I take a drink of the coffee she gave me, absorbing her words. I’ve never had to think about anything like that before. I grew up wanting for nothing – and I certainly never had to fear losing my home. It’s a concept as foreign to me as quantum physics.
“How long have you lived here?” I ask.
A wan smile touches her lips. “Forty-three years,” she tells me. “Raised my kids here. Truth is, I don’t remember living anywhere but here.”
“Forty-three years,” I murmur. “That’s incredible.”
She nods. “Hardly unique around here though,” she tells me. “We get our fair share of people just passing through, but most of the residents have been here more than twenty years.”
“I didn’t know that.”
She nods. “Gettin’ to the point where we ain’t gonna be able to live here anymore, though,” she laments. “New York’s changed. It ain’t a city for the common folk anymore. I was born and raised here. It’s all I know. I dunno what I’m gonna do if I have to leave.”
“Who’s this?”
I turn at the sound of a new voice to see an older Hispanic man approaching. He’s tall and wiry, with a wool cap on his bald head and a thick, bushy goatee that’s more gray than white. His eyes are dark. He just looks like a man who’s been around and has seen some things.
“I’m sorry hon, I didn’t get your name,” she notes.
“Oh sorry, I’m Sawyer,” I reply quickly.
“It’s nice to meet you, Sawyer, I’m Martha, and this is Julio,” she introduces the newcomer.
I shake his hand firmly and give him a nod. “Nice to meet you,” I tell him. “How long have you been here at the Jackson?”
He whistles low. “Going on thirty-five years now, I suppose,” he says, his voice colored with a light Puerto Rican accent. “Yeah, about that. Damn. Time really does fly.”
“Do you still work?” I wonder.
He nods. “Every day. I own a bodega around the corner,” he responds. “Almost time to turn it over to the kid. If I can ever force myself to give him the keys. I dunno how to do anything else.”

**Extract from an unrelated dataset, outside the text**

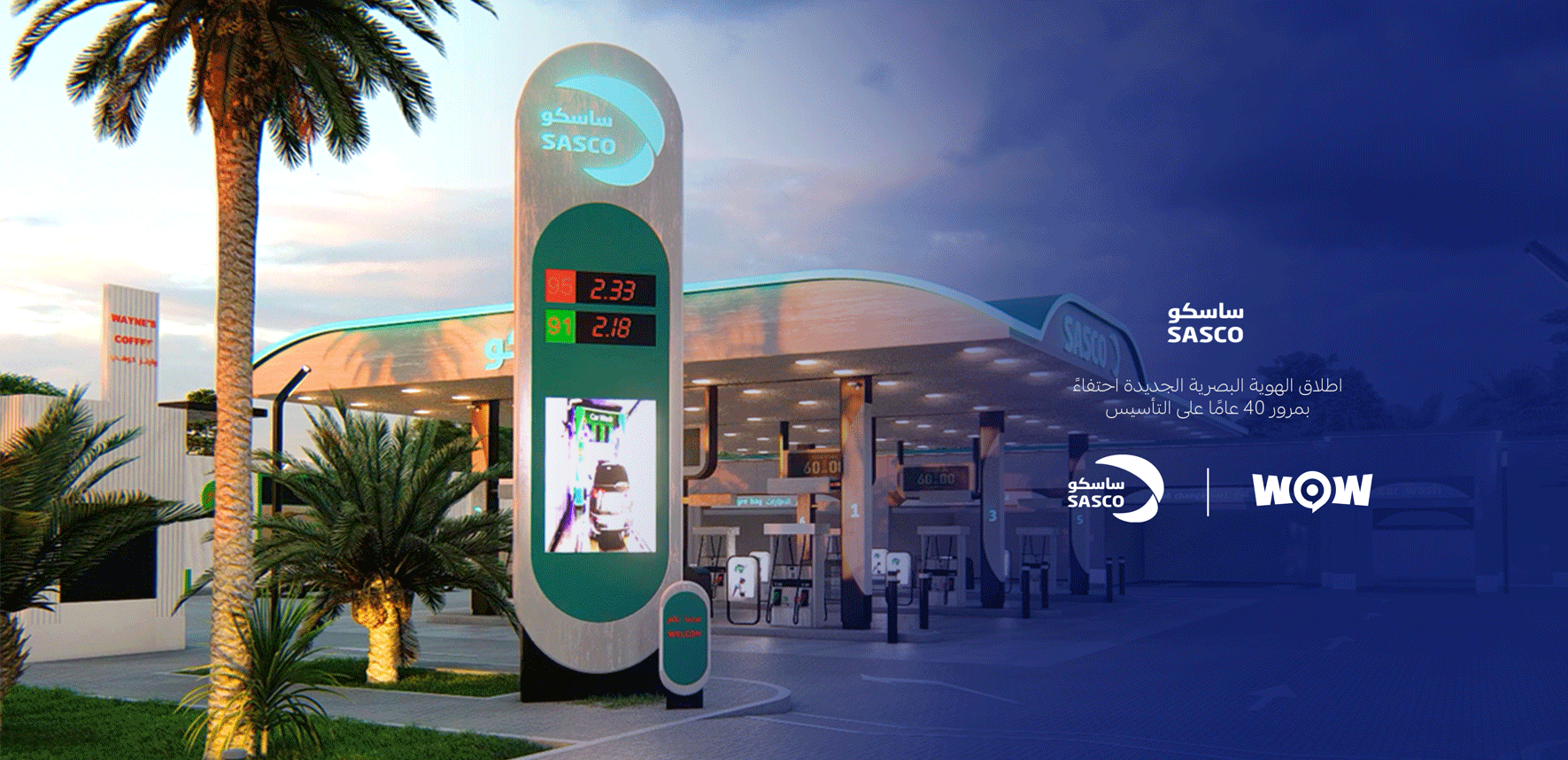 تولى فريق واو تصميم وتطوير الهوية البصرية الجديدة لساسكو، من بناء المفهوم الإبداعي واعتماد الخطوط والألوان والعناصر التصميمية، إلى تطبيق الهوية على كافة المواد التسويقية والإعلانية لضمان الاتساق والاحترافية عبر جميع المنصات.

“You need to learn to relax and let those kids of yours take care of you for a change,” Martha scolds him.
He scoffs. “My kids can barely remember to change their underwear – how they gonna take care of me?”
Martha and Julio burst out laughing, holding onto each other as they crack each other up. It’s amazing to me that standing out here in the snow, in bone chilling weather, that these people can still find their sense of humor. That they can still laugh with each other. In their place, I don’t know that I’d find humor in anything.
“What about you, Martha?” I ask.
“Oh me?” she laughs softly. “I was a teacher for thirty years. Finally had to retire.”
“You don’t look like you live around here,” Julio comments as he looks me up and down. “Nobody around here wears designer clothes like that.”
Martha cackles. “Because they’d get rolled for those clothes.”
They laugh together like the old friends they are again. Over the next couple of hours, Martha introduces me to everybody who comes over to get warm by her trashcan. I spend the time talking to these people and getting to know them, hearing their stories, and I find that I’m surprised by them all. And it makes me realize for the first time, just how many deep-seeded prejudices I’ve carried with me for so long and didn’t even realize it.
Growing up in the circles I did, we just took for granted that the people who lived in projects like the Atwell or the Jackson were ‘low class’. We were steeped in a culture that looked down our noses at these people. We just believed they were inferior to us by virtue of economic status – never realizing at the time we were higher on the socioeconomic ladder because of what we were born into. Not because we’d earned it on our own, but something we’d inherited.
Hell, I think that’s one reason I’m so driven to expand Compass Development and make it a bigger financial success. In doing that, I think it will make me feel like I’ve actually earned my way instead of having everything handed to me.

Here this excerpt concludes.